Las piernas de Mica se ajustan con firmeza por encima de mis caderas. Siento su cuerpo latir en mi pubis, las olas chocan en su espalda y llegan algo más suaves, amainadas. Yo me dejo hacer sin oponer resistencia. Su beso es cálido, como un bocado dulce en medio del mar. Tiene veintiún años, yo apenas unos más.

Nunca había besado a una chica, dice y se ríe nerviosa.

Yo sí, pienso. Pero ninguna como vos.

El beso se extiende por varios segundos más. Siento con un escalofrío cómo su piel se eriza a pesar del agua templada. Las olas son cada vez más fuertes, nos empujan con la fuerza de lo irrefrenable. Ninguna de las dos quiere soltarse:‌ ni sus piernas de mi cintura, ni mis manos de sus glúteos, livianos como todo en el agua.

Estamos tan mojadas.

Cuando mi lengua empieza a recorrer su cuello escucho el primer suspiro.

Y el mar nos tapa.

*

En Punta del Diablo, Uruguay, hay unos bocados de alga fritos que son la diva del lugar. En todos los restaurantes los ofrecen, algunos con ajo y perejil, otros con limón, casi siempre acompañados de cerveza. Un cono de esos me pedí hace un rato en uno de los restaurantes más concurridos de la peatonal.

Los 27 grados le hicieron justicia a la mesita de madera clavada en la arena de la Costa, con el Atlántico envolviéndolo todo. Soy la única sola, pero ya estoy acostumbrándome a esto: la sensación de incomodidad y arrepentimiento dura cada vez menos y se disuelve, se estalla en una reivindicación de lo despojadamente propio, de la celebración de la soledad. No quiero estar con nadie, nunca quise estar más sola que en este viaje.

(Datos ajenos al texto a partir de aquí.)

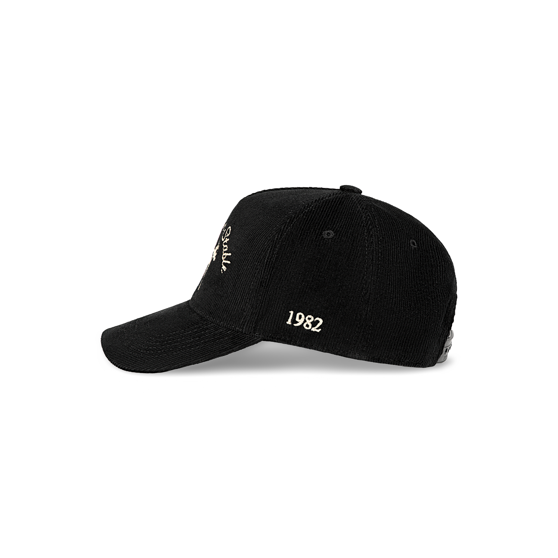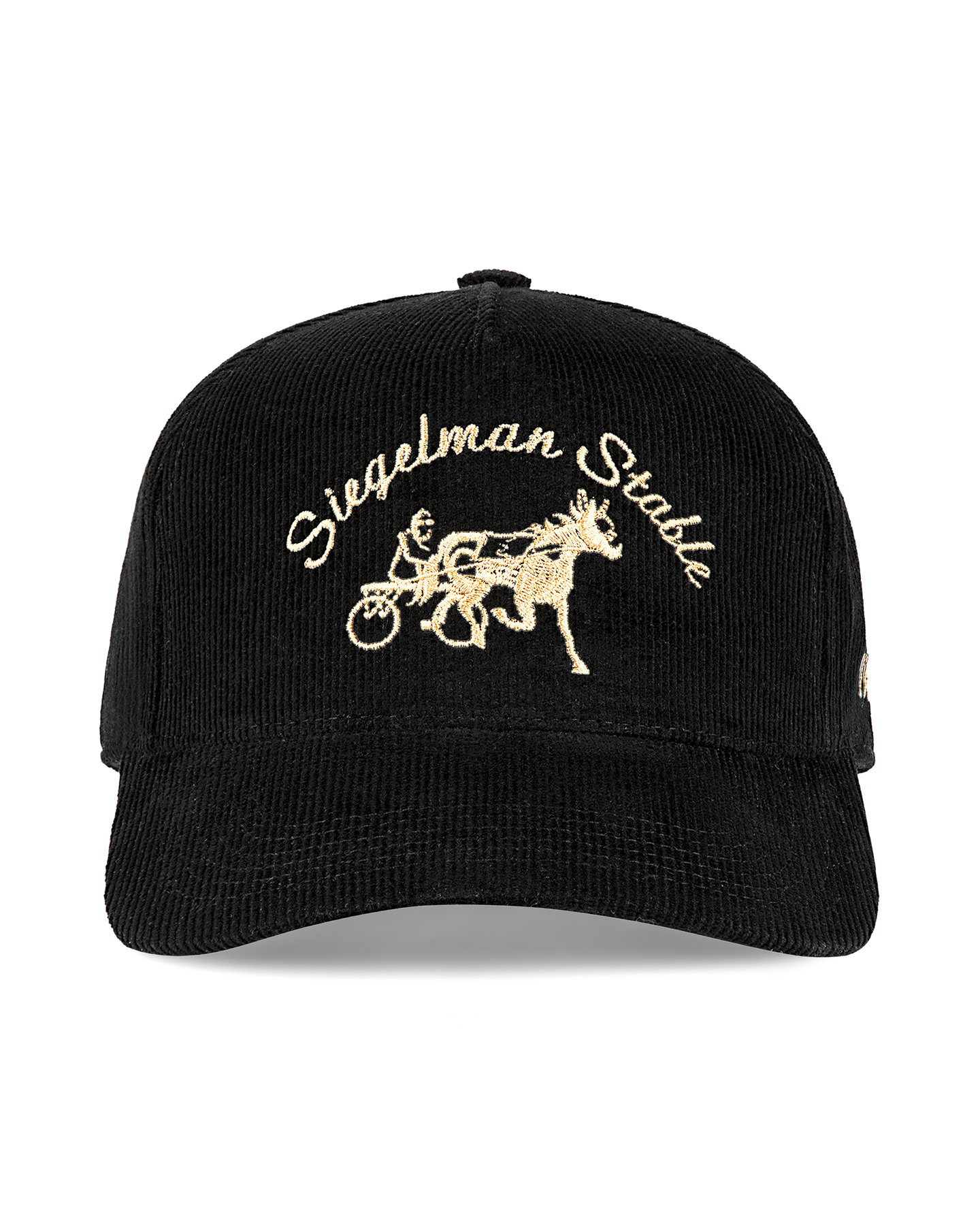 Black Corduroy five panel Siegelman Stable hat with wheat gold logo embroidery.
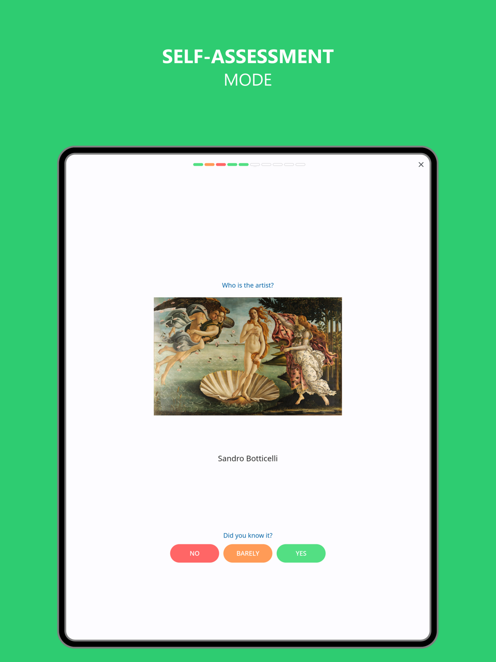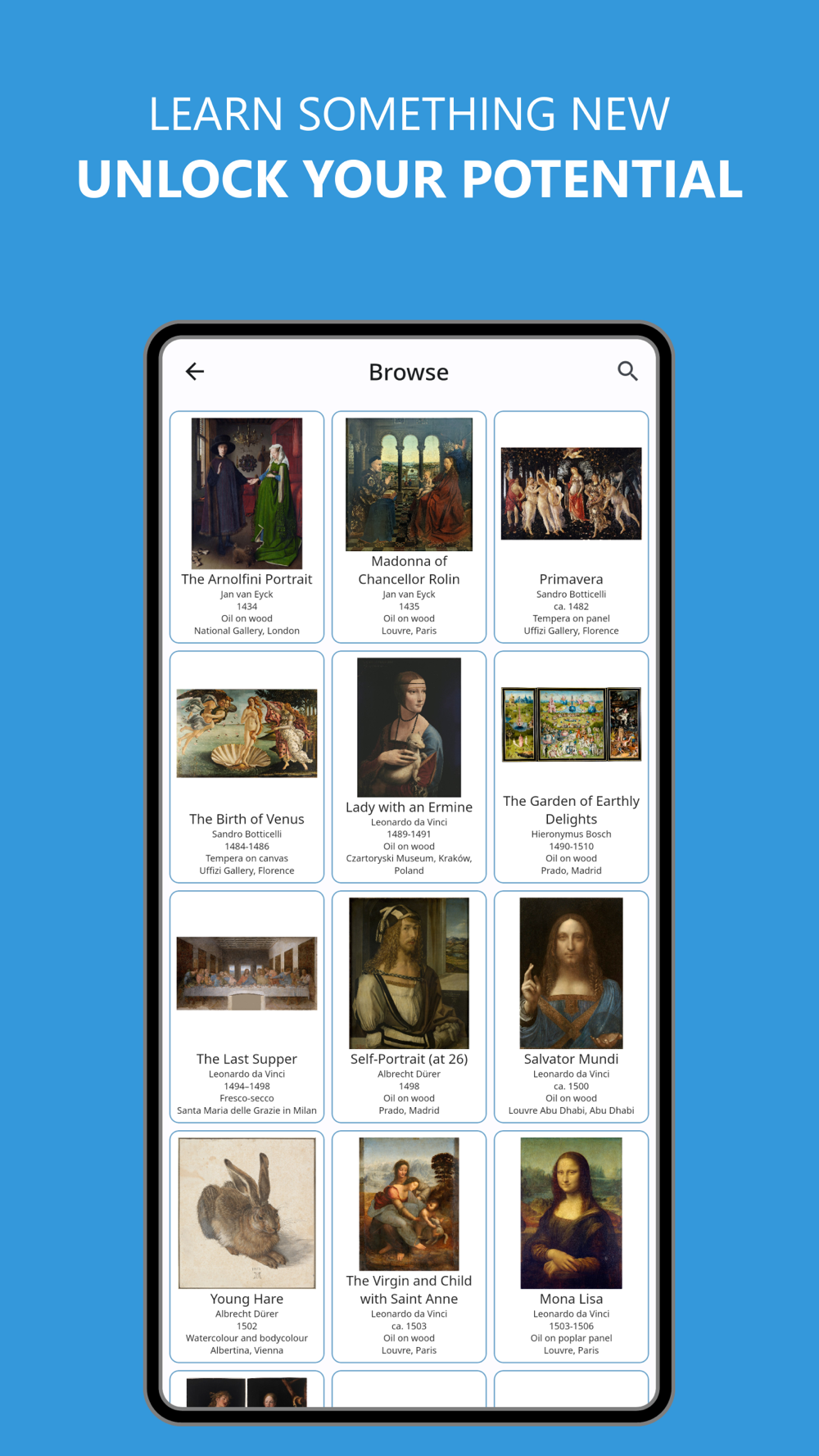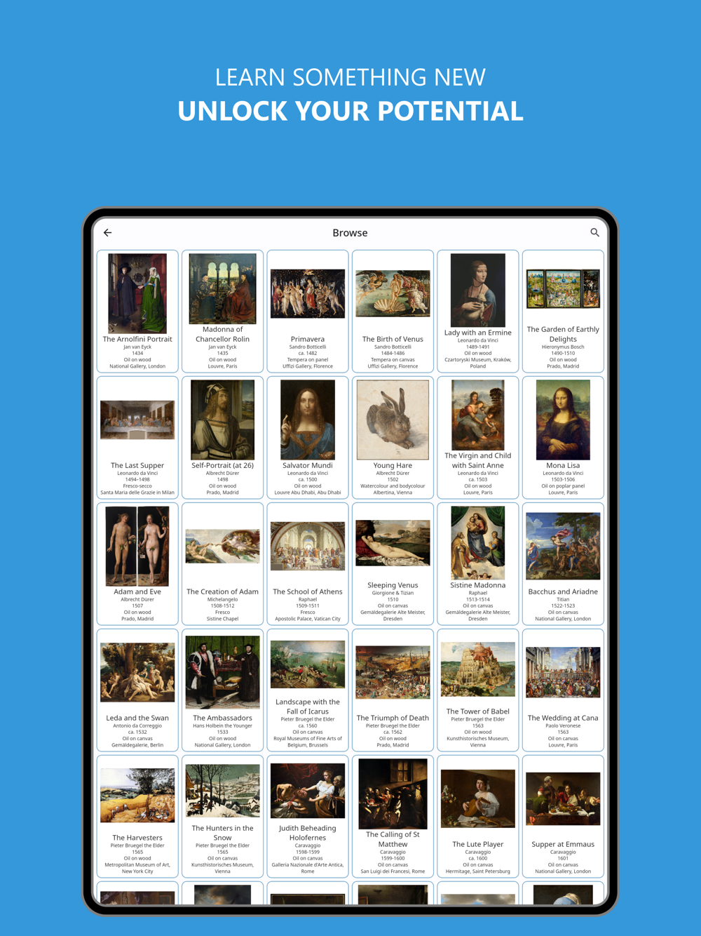 Embark on a captivating journey of discovery through art history. Easily learn to recognize famous paintings. Whether title, artist, time of origin or applied techniques - you will master it all!

Nunca me sentí tan bien en un viaje.

Los bocados llegan calentitos, recién limonados. Tienen ajo y perejil, tienen todo. Las algas son una especie de espinaca pero más fresca y esponjosa, riquísimas. Nunca hubiese imaginado que un alga sabía así. La cerveza está fría, aguada y con poco gas. Siento muy iguales a casi todas las cervezas uruguayas, por eso cada día que paso en el hostel trato de probar una distinta. La cervecita después de cenar se está convirtiendo en una constante de estas vacaciones. Pienso en eso y le doy el primer trago a esta Pilsen casi helada que el mozo, un venezolano que vino a hacer la temporada, dejó sobre la mesa con una sonrisa.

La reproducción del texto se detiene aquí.